Перед полотном собралась группа студентов из Школы изящных искусств, главной художественной школы Парижа. Они внимательно слушали гида, элегантного мужчину в строгом чёрном костюме, с тростью в руке.
— Это шедевр Алекса Уиттмана, — говорил он глубоким, чуть хрипловатым голосом, — его последняя и самая знаковая работа. В ней художник выразил всю свою сущность, свои страхи, свою одержимость бессмертием через искусство. В последние месяцы жизни он стал настоящим затворником, полностью поглощённым созданием этой картины. Его гениальность была неразрывно связана с безумием. Уиттман верил, что каждая его работа отнимала у него годы жизни.
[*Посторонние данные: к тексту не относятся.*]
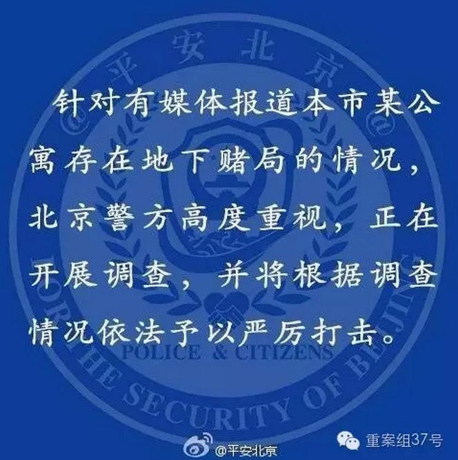 昨日一早,北京公安局官方微博@平安北京发布消息称,“针对媒体报道本市公寓存在地下赌局情况,北京警方高度重视,正在开展调查,并将根据调查情况依法予以严厉打击”。

Толпа затаила дыхание, слушая его слова. Один из студентов, молодой человек с длинными тёмными волосами, нахмурился и поднял руку.
— Вы хотите сказать, что он умер… от веры в свою смерть? Разве такое возможно?
Гид посмотрел на него долгим взглядом, затем слегка улыбнулся и произнёс:
— Иногда то, во что мы верим, становится сильнее нас самих.
Эти слова повисли в воздухе, и группа молча смотрела на «Последний вздох вечности», словно пытаясь найти в нём ответ. Наконец, гид слегка постучал тростью по полу, прерывая тишину.
— А теперь, друзья, давайте перейдём к следующему экспонату.
Гид уверенно двинулся вперёд, его шаги были размеренными и тихими. На мгновение, когда свет упал на набалдашник его трости, стало ясно, что он выполнен в форме серебряного черепа ворона. Темноволосый студент, отстав от группы, бросил последний взгляд на картину, пытаясь уловить какую-то странность, неправильность. Ему это не удалось, и он последовал за экскурсией.